▸ **Instructions for the task**
A faithful copy is required: transcribe each line below exactly, minus the pictures.

▸ **Source material**
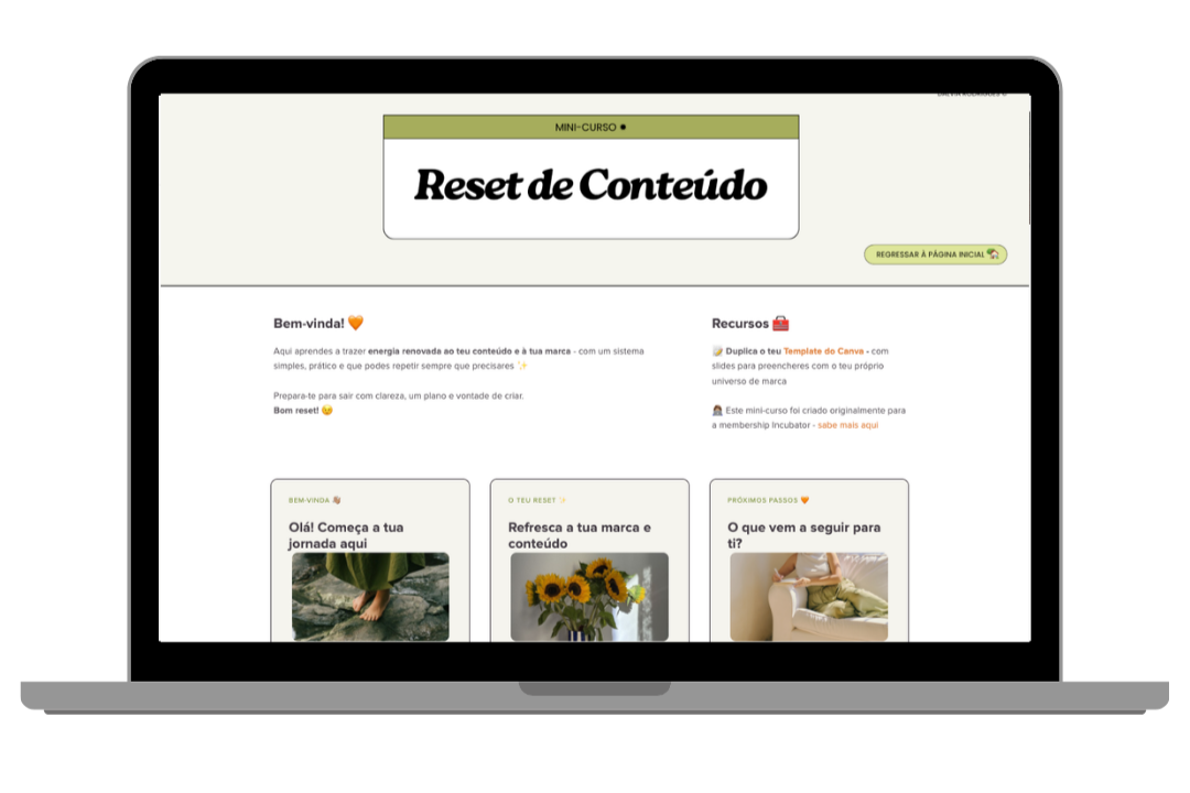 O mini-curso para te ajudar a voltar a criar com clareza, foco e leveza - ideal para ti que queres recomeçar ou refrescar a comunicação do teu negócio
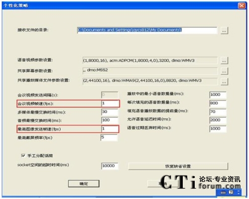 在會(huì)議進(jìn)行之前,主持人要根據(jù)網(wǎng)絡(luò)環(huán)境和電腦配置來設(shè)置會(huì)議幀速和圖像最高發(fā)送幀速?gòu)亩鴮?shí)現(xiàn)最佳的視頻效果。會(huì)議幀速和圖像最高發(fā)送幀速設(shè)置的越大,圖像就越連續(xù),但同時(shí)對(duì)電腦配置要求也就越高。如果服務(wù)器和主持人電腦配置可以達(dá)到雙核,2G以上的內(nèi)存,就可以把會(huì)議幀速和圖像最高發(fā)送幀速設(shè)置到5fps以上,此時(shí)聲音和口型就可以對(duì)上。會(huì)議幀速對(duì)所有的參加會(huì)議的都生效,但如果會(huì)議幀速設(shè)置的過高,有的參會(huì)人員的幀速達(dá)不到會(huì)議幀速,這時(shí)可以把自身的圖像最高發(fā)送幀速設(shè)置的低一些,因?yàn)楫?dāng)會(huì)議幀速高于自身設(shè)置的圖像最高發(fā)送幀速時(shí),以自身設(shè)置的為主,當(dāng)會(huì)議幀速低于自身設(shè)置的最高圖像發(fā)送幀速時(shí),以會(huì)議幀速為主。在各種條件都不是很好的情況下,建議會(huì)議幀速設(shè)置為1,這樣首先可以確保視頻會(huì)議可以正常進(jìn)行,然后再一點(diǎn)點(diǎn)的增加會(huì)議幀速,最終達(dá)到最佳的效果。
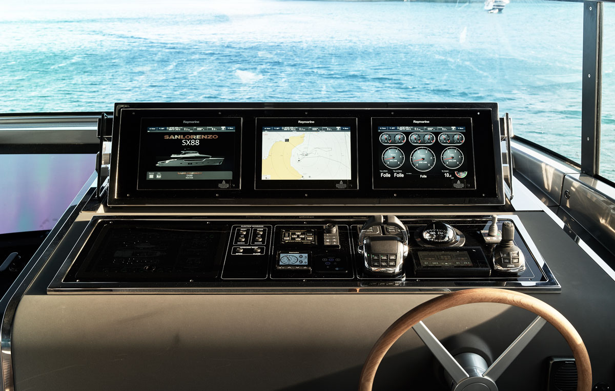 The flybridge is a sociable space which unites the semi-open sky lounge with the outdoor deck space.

▸ **Task result**
 O mini-curso para te ajudar a voltar a criar com clareza, foco e leveza - ideal para ti que queres recomeçar ou refrescar a comunicação do teu negócio
 在會(huì)議進(jìn)行之前,主持人要根據(jù)網(wǎng)絡(luò)環(huán)境和電腦配置來設(shè)置會(huì)議幀速和圖像最高發(fā)送幀速?gòu)亩鴮?shí)現(xiàn)最佳的視頻效果。會(huì)議幀速和圖像最高發(fā)送幀速設(shè)置的越大,圖像就越連續(xù),但同時(shí)對(duì)電腦配置要求也就越高。如果服務(wù)器和主持人電腦配置可以達(dá)到雙核,2G以上的內(nèi)存,就可以把會(huì)議幀速和圖像最高發(fā)送幀速設(shè)置到5fps以上,此時(shí)聲音和口型就可以對(duì)上。會(huì)議幀速對(duì)所有的參加會(huì)議的都生效,但如果會(huì)議幀速設(shè)置的過高,有的參會(huì)人員的幀速達(dá)不到會(huì)議幀速,這時(shí)可以把自身的圖像最高發(fā)送幀速設(shè)置的低一些,因?yàn)楫?dāng)會(huì)議幀速高于自身設(shè)置的圖像最高發(fā)送幀速時(shí),以自身設(shè)置的為主,當(dāng)會(huì)議幀速低于自身設(shè)置的最高圖像發(fā)送幀速時(shí),以會(huì)議幀速為主。在各種條件都不是很好的情況下,建議會(huì)議幀速設(shè)置為1,這樣首先可以確保視頻會(huì)議可以正常進(jìn)行,然后再一點(diǎn)點(diǎn)的增加會(huì)議幀速,最終達(dá)到最佳的效果。
 The flybridge is a sociable space which unites the semi-open sky lounge with the outdoor deck space.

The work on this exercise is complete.